Data
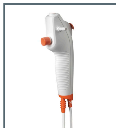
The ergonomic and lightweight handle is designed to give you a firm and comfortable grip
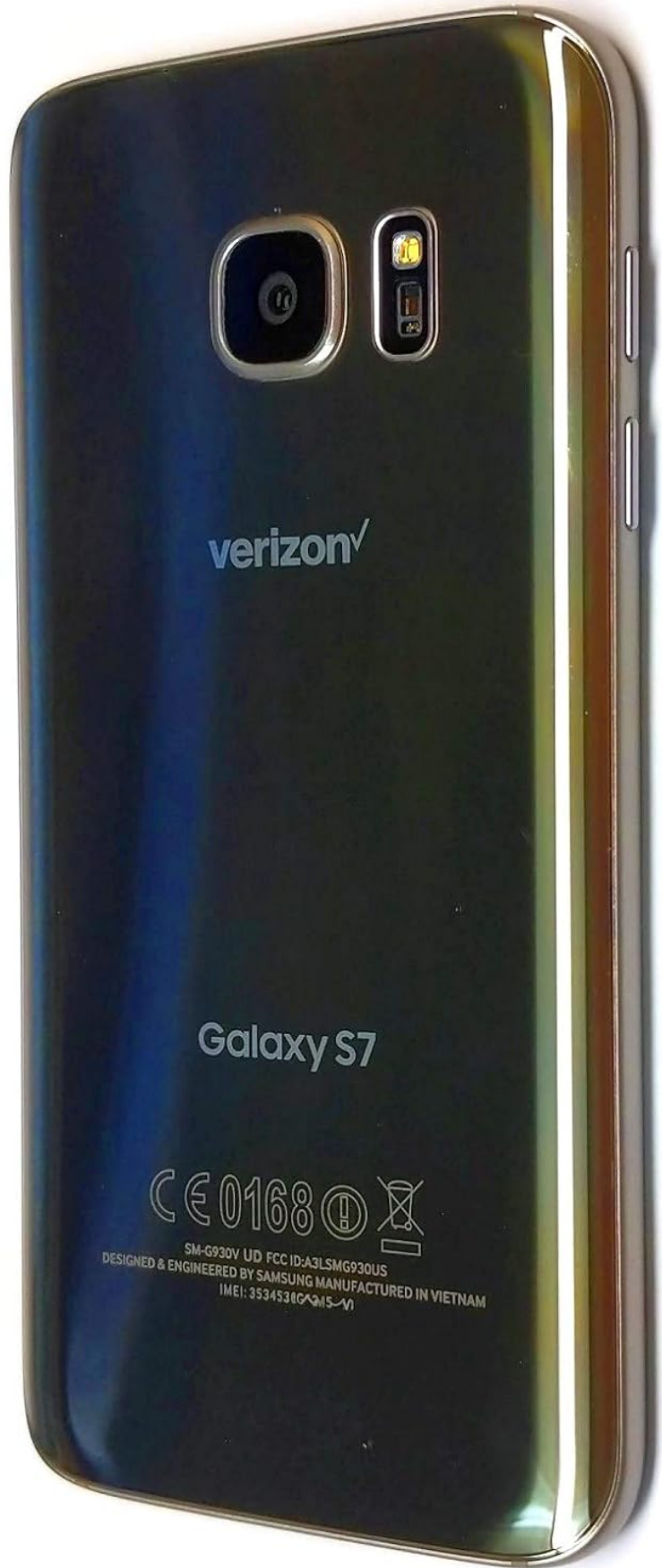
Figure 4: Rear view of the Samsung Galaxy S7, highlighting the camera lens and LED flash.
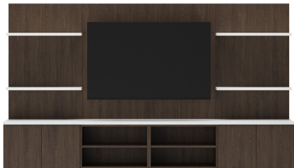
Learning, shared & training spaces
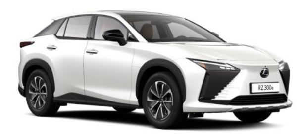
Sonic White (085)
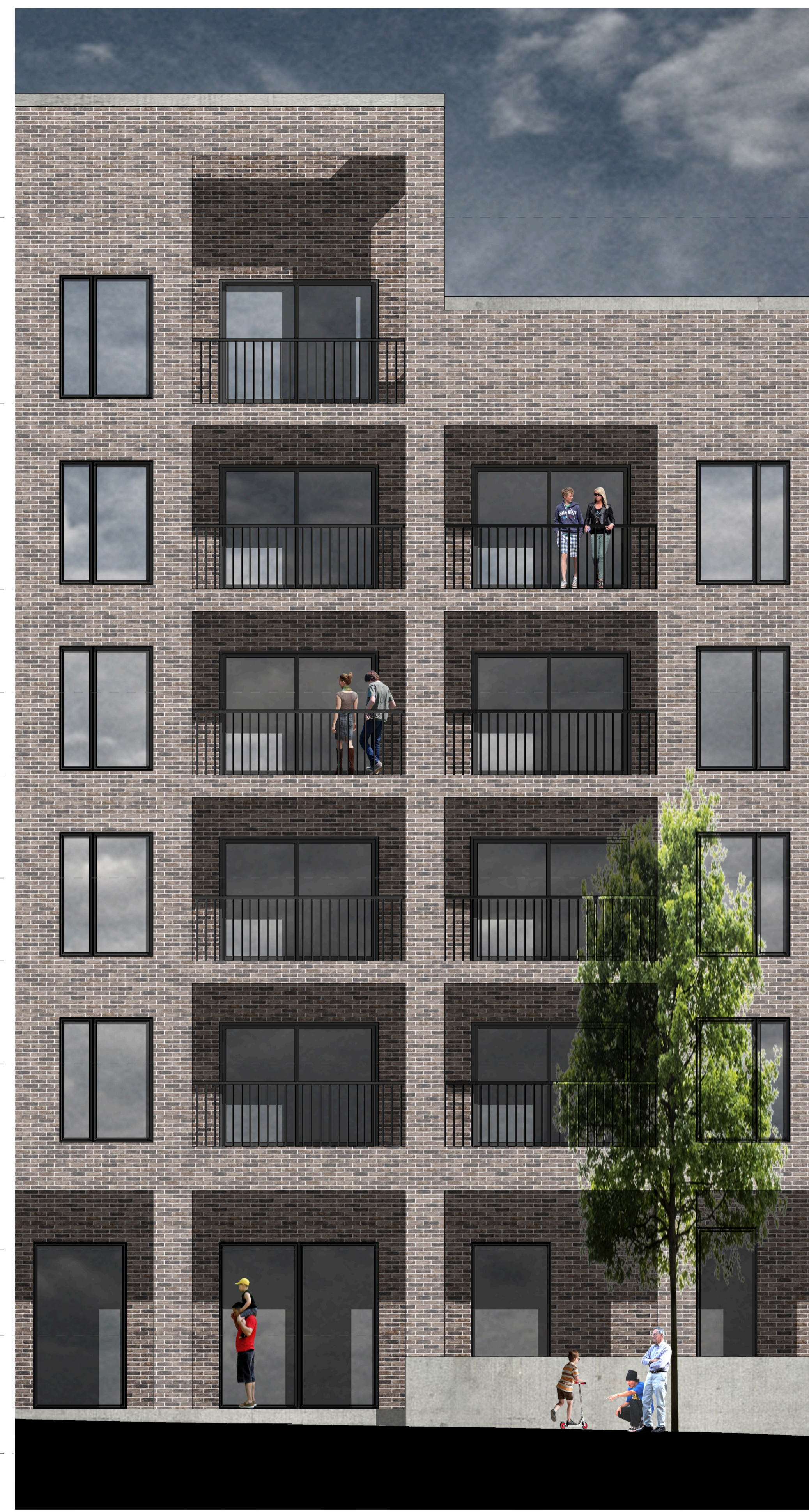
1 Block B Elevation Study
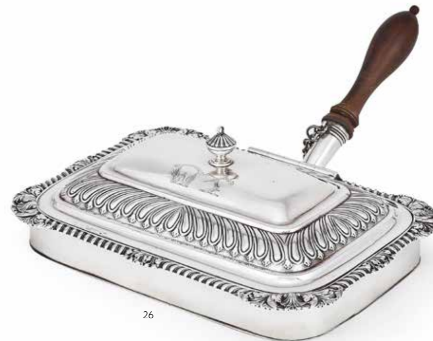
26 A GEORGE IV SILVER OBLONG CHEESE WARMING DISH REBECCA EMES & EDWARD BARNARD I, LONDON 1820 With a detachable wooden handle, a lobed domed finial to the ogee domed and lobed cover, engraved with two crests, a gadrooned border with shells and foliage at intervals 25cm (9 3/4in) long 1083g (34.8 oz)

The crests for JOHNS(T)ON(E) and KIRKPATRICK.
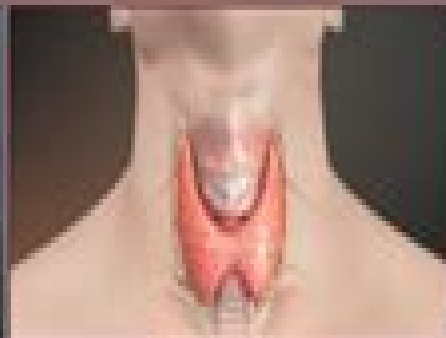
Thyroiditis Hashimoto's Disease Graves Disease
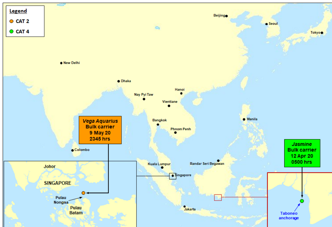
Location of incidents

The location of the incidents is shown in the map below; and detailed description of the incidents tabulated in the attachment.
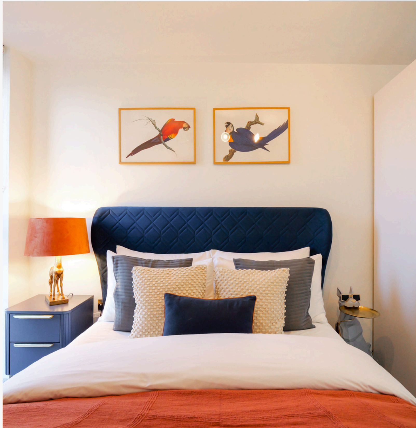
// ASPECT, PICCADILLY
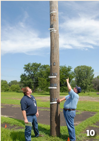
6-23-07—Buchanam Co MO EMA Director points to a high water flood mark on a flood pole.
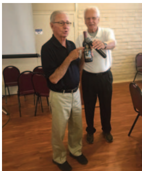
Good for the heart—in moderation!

Instructions to follow
No pictures belong in the copy. Retype exactly, and only, the lines from the line containing "Learning, shared & training spaces" through the last line of the data, both included.

Task result
Learning, shared & training spaces
Sonic White (085)
1 Block B Elevation Study
26 A GEORGE IV SILVER OBLONG CHEESE WARMING DISH REBECCA EMES & EDWARD BARNARD I, LONDON 1820 With a detachable wooden handle, a lobed domed finial to the ogee domed and lobed cover, engraved with two crests, a gadrooned border with shells and foliage at intervals 25cm (9 3/4in) long 1083g (34.8 oz)

The crests for JOHNS(T)ON(E) and KIRKPATRICK.
Thyroiditis Hashimoto's Disease Graves Disease
Location of incidents

The location of the incidents is shown in the map below; and detailed description of the incidents tabulated in the attachment.
// ASPECT, PICCADILLY
6-23-07—Buchanam Co MO EMA Director points to a high water flood mark on a flood pole.
Good for the heart—in moderation!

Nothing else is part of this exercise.